According to the researchers, the study offers proof of concept that the approach could complement ART regimens in suppressing the silent virus that these regimens struggle to combat. The researchers were able to show that the bromodomain-containing protein 4 (BRD4) plays and integral role in regulating the production of new copies of the HIV gene after the virus integrates into a person’s genetic coding.

They then were able to design, synthesize, and evaluate a series of small molecules to selectively program the protein to suppress HIV. In the process, they found a small molecule called ZL0580 that significantly delayed dormant HIV reactivation after a patient stopped taking their ART regimen.

“We are the first to show that human BRD4 protein and its associated machinery can be harnassed to suppress dormant HIV,” Haitao Hu, assistant professor in the Department of Microbiology and Immunology at the University of Texas Medical Branch (UTMB), and senior author of the study, said in a statement. “Our findings are exciting because they not only improve our understanding of the biology of HIV epigenetic regulation, they also present a promising approach for the development of probes and/or therapeutic agents for silencing HIV, hopefully leading to a cure of the virus eventually.”

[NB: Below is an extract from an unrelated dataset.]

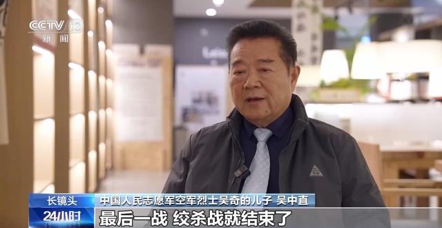 中国人民志愿军空军烈士吴奇的儿子 吴中直:10月16日这一天,最后一战,绞杀战就结束了。上午大家都是平安无事的,都返回机场了,下午又发现敌机就升空了。他自己当时是安全的,由于他一个战友受到了威胁,他就驾机驱散敌机,自己被其他的敌机包围了。中弹了,就没机会跳伞了,因为飞机的高度已经不够了,自己就昏迷了。
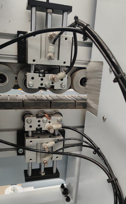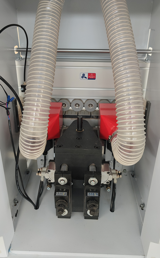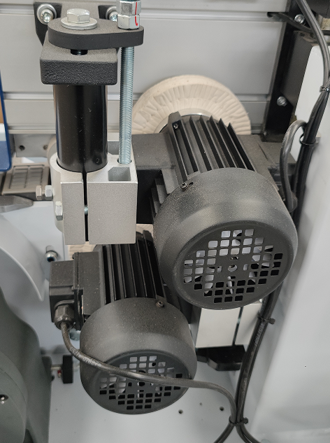 Узел прифуговки. Предназначен для устранения дефектов раскроя (микро-сколов, ступеньки от подрезной пилы), гарантирует перпендикулярную и прямолинейную геометрию поверхности торца детали. Две фрезы с алмазными ножами Ø120 мм H50 мм Ø40 мм Z3+3 Два двигателя противоположного вращение с автоматическим подводом/отводом в зону обработки убавляются с помощью пневмоцилиндра. Регулировка по высоте, позволяет максимально использовать весь ресурс инструмента. Полностью закрыт пылезащитным кожухом.

The researchers collected peripheral blood mononuclear cells from people living with HIV as well as healthy donors that were stored at the UTMB blood bank and the US Military HIV Research Program.

The data showed that ZL0580 was able to more selectively bind to BRD4 than JQ1, the BRD4-pan inhibitor, and that the small molecule can suppress both induced and basal HIV transcription. According to the researchers, ZL0580 promotes HIV suppression by inhibiting Tat-mediated transcription elongation and inducing a repressive chromatin structure at the HIV promoter.

“We will continue to optimize the chemical structure and effectiveness of this class of molecules and conduct safety testing in cellular and animal studies,” said Jia Zhou, professor in the Department of Pharmacology and Toxicology at UTMB, and co–senior author of the study. “We look forward to the time when we can begin clinical trials so that this approach can begin to help HIV-infected individuals.”

Reference

Niu Q, Liu Z, Alamer E, et al. Structure-guided drug design identifies a BRD4-selective small molecule that suppresses HIV [published online July 22, 2019]. J Clin Invest. doi: 10.1172/JCI120633.